Actor-Critic Learning Rates : They use 0.001, 0.0001 (for the critic, and actor respectively). Interestingly, we find that the actor and critic learning rates for DDPG have less of an effect on the Hopper environment than the Half-Cheetah environment. This brings into consideration that keeping other parameters fixed, DDPG is not only susceptible to the learning rates, but there are other sources of variation and randomness in the DDPG algorithm.
General Variance
Their results show that for both DDPG and TRPO, taking two different average across 5 experiment runs do not necessarily produce the same result, and in fact, there is high variance in the obtained results. This emphasizes the need for averaging many runs together when reporting results using a different randoms seed for each. In this way, future works should attempt to negate the effect of random seeds and environment stochasticity when reporting their results.
Conclusion
Their analysis shows that due to the under-reporting of hyper-parameters, different works often report different baseline results and performance measures for both TRPO and DDPG. This leads to an unfair comparison of baselines in continuous control environments. Their experiments can help the resercher fine-tun these algorithms with provided hyper-parameter presets.

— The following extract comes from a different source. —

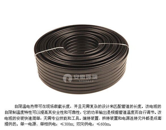 除此解決物料堵塞的問題,例如泄放后溫度下粘度上升或者結塊了可以考慮使用電伴熱保溫的方式,它可螺旋纏繞在安全閥和出口一定距離的管線上,對內部物料進行伴熱保溫。目前推薦自限溫電熱帶,它可以各種方式纏繞于安全閥外部,即使重疊、交叉也不會過熱或燃燒。簡要說明如下:

source code: https://github.com/Breakend/ReproducibilityInContinuousPolicyGradientMethods
Reference:
[1] Shixiang Gu, Timothy Lillicrap, Zoubin Ghahramani, Richard E Turner, and Sergey Levine. Q-prop: Sample-efficient policy gradient with an off-policy critic. arXiv preprint arXiv:1611.02247, 2016.
[2] Shixiang Gu, Timothy Lillicrap, Zoubin Ghahramani, Richard E Turner, Bernhard Schölkopf, and Sergey Levine. Interpolated policy gradient: Merging on-policy and off-policy gradient estimation for deep reinforcement learning. arXiv preprint arXiv:1706.00387, 2017.